No one has discussed the version of BigInteger. To do this, I would look at 10 1 10 2 10 4 10 8 and so on until you find the last 10 2 n which is less than your value. Take the number div and mod 10 2 n to get 2 smaller values. Rinse, rinse and repeat recursively. (You must save your iterated squares of 10 in an array, and in the recursive part pass information about the next power for use.)
With BigInteger with numbers k, dividing by 10 is O (k). Therefore, to find the sum of the digits with a naive algorithm is O (k 2 ).

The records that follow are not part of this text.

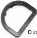
D 2512 1"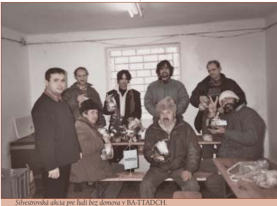
Silvestrovská akcia pre ľudí bez domova v BA-TTADCH.

Charitatívno-sociálne centrum (CHSC) Zvolen pripravilo v zvolenskom kine Mier na Štedrý deň pre 30 bezdomovcov sviatočný obed. Pozostával z tradičnej kapustnice, ryby, zemiakového šalátu, záskuskov a ovocia. Pri príprave a podávaní obeda pomáhali charitným pracovníkom dobrovoľníci.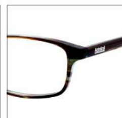
No.4 ミントブラウンササ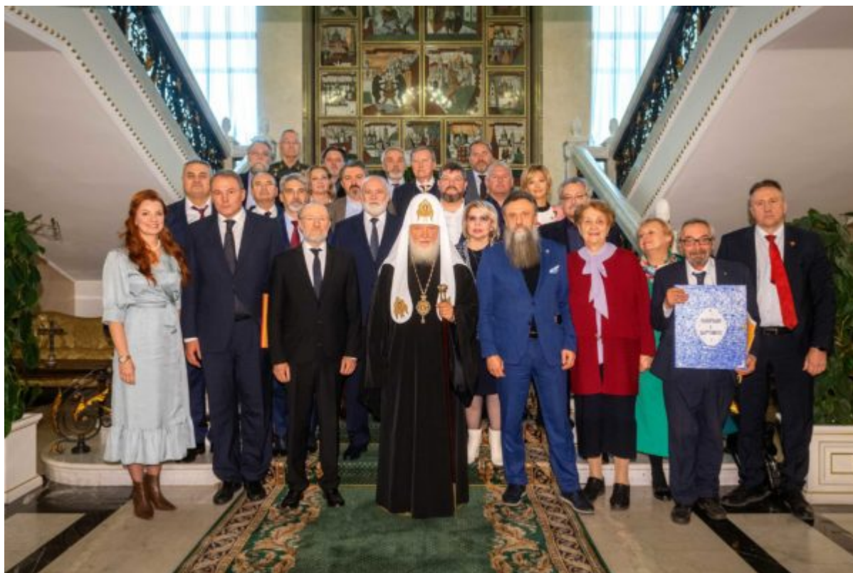
свят. Игорь Палкин

I donβt know what C # uses internally, but non-naive algorithms there for multiplying or dividing k-bits by a k-bit integer all work in O (k 1.6 ) time or better (most of them are much better, but have overhead, which makes them worse for "small large integers"). In this case, preparing the initial list of degrees and splitting times takes O (k 1.6 ) time. This gives you 2 problems of size O ((k / 2) 1.6 ) = 2 -0.6 O (k 1.6 ). At the next level, you have 4 problems of size O ((k / 4) 1.6 ) for another 2 -1.2 O (k 1.6 ) Work. Add all terms and powers of 2 to a geometric series converging to a constant, so the total work is O (k 1.6 ).
This is a definite victory, and the victory will be very, very obvious if you work with numbers on thousands of numbers.